After the queen had consulted with Struensee on the same day, she said to her waiting-women, "Do you know that any one who speaks in such a way about her queen can be punished by the loss of her tongue?"

After this incident, the intercourse between the queen and Struensee ceased for about a fortnight; but then became worse than before. Still from this time the witnesses noticed no nocturnal passage through the corridor to the Mezzanine, while the familiar and gracious intercourse of the queen with these her maids ceased from this day; so that she only addressed them in the tone of a mistress.
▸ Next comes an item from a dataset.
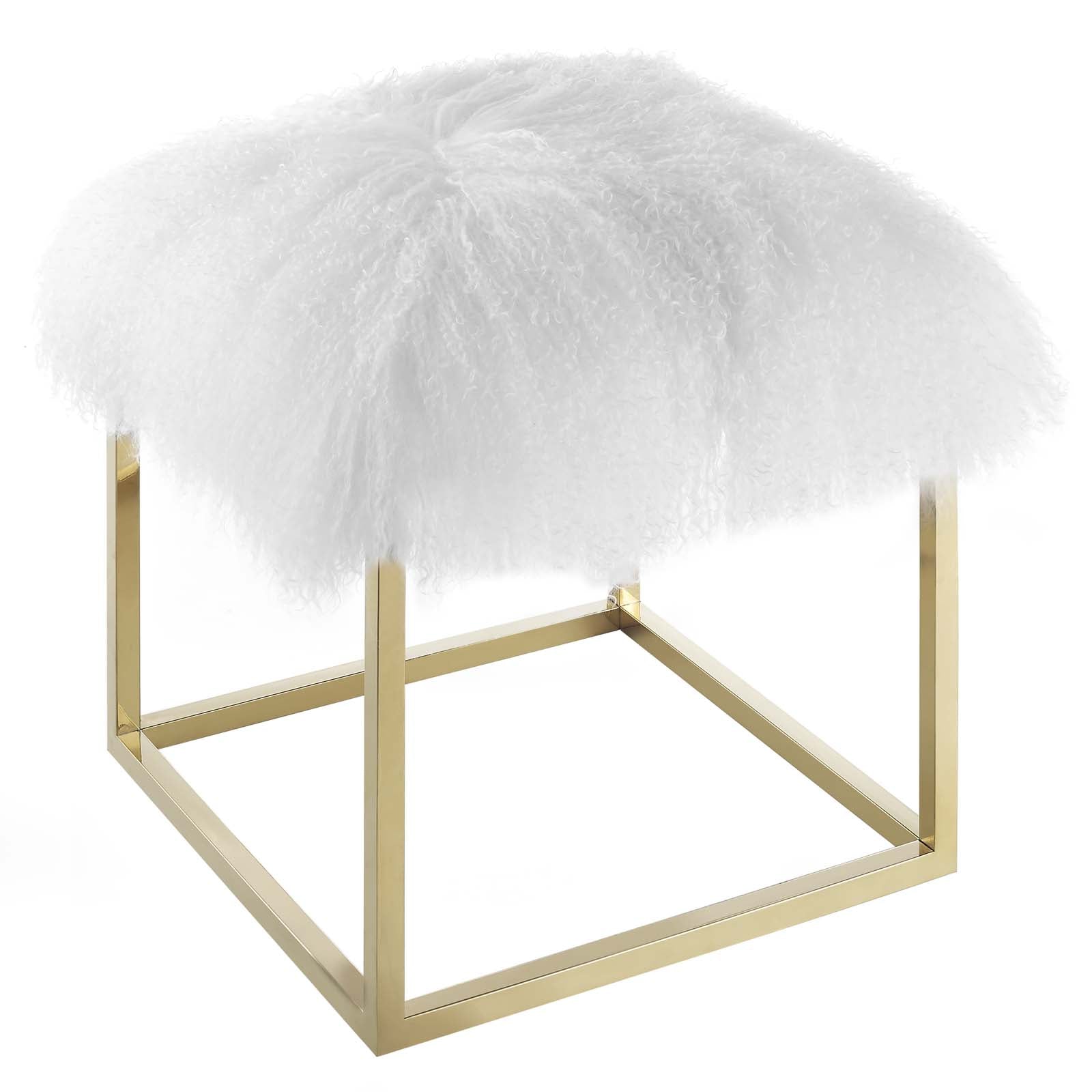 Faites une déclaration avec Anticipate. Débordant de lignes épurées et d'un look moderne et élégant, Anticipate est doté d'une base en acier inoxydable doré, d'un siège rembourré en mousse recouvert d'une luxueuse peau de mouton blanche et de capuchons de pieds non marquants qui aident à protéger votre sol. Le complément parfait à votre chambre, votre espace de vie ou votre entrée, Anticipate est un pouf polyvalent qui allie confort et style avec un coussin de siège de soutien et une capacité de poids allant jusqu'à 265 lb. Aucun assemblage requis.

That which her Majesty wished to deny to her maids she confessed, however, to her lady-in-waiting, Von Eyben; for when the latter found the queen one day weeping and in grief, she asked what was the matter with her Majesty; and the queen told her of the conversation with the maids, but confessed that the affair was unfortunately true, and said that Struensee had advised her to bribe her women, which she refused to do; nor would her Majesty follow the advice of her women, and "displace" Struensee.

Among the things which are inseparable from such actions is rumour, which follows them as their shadow. And who is unacquainted with these rumours?

As regards the queen's intercourse with Count Struensee, Professor Berger, now under arrest, declares, that it had appeared to him most suspicious, and Struensee's lodgings highly improper. Struensee had always behaved to her with impropriety, and ventured on excessive familiarity. This improper conduct began first in the city in 1770, was continued in the same year on the Holstein tour, and afterwards on the return of the royal family to Denmark.

Count Brandt declares that in the summer of 1770, while the royal party were in Holstein, the queen was alone one morning early with Count Struensee, and that the latter drove out with her alone in a carriole. The intercourse between them proved in every way that they loved each other; they sought one another, were delighted to meet; in a word, love was revealed in that manner which can be perceived but not described. If at times they quarrelled, Struensee said that the queen was jealous of him, and accused him of not being so amiable as usual, and hence Struensee was always obliged to dance with the oldest ladies at balls. Brandt also declares that Struensee made him a "confidence" of this amourette, and said that he could make love to the queen best at the masquerade.

Fräulein von Eyben, and the sixth, fourth, and twenty-ninth witnesses about Struensee's suspicious intimacy with the queen, assert: "While the court was residing in Holstein in 1770, the queen drove out alone with Struensee, remained away a couple of hours, and did not return till seven o'clock." Furthermore, the two first witnesses declare that once, when they were about to enter the queen's cabinet, they found Struensee seated by her side on the sofa, and that the queen ran toward them and sent them away. Afterwards, the queen told them that the king was so frightened when they, the witnesses, came to the door, that he tried to run out of the room, and that was the reason why she hurried toward them.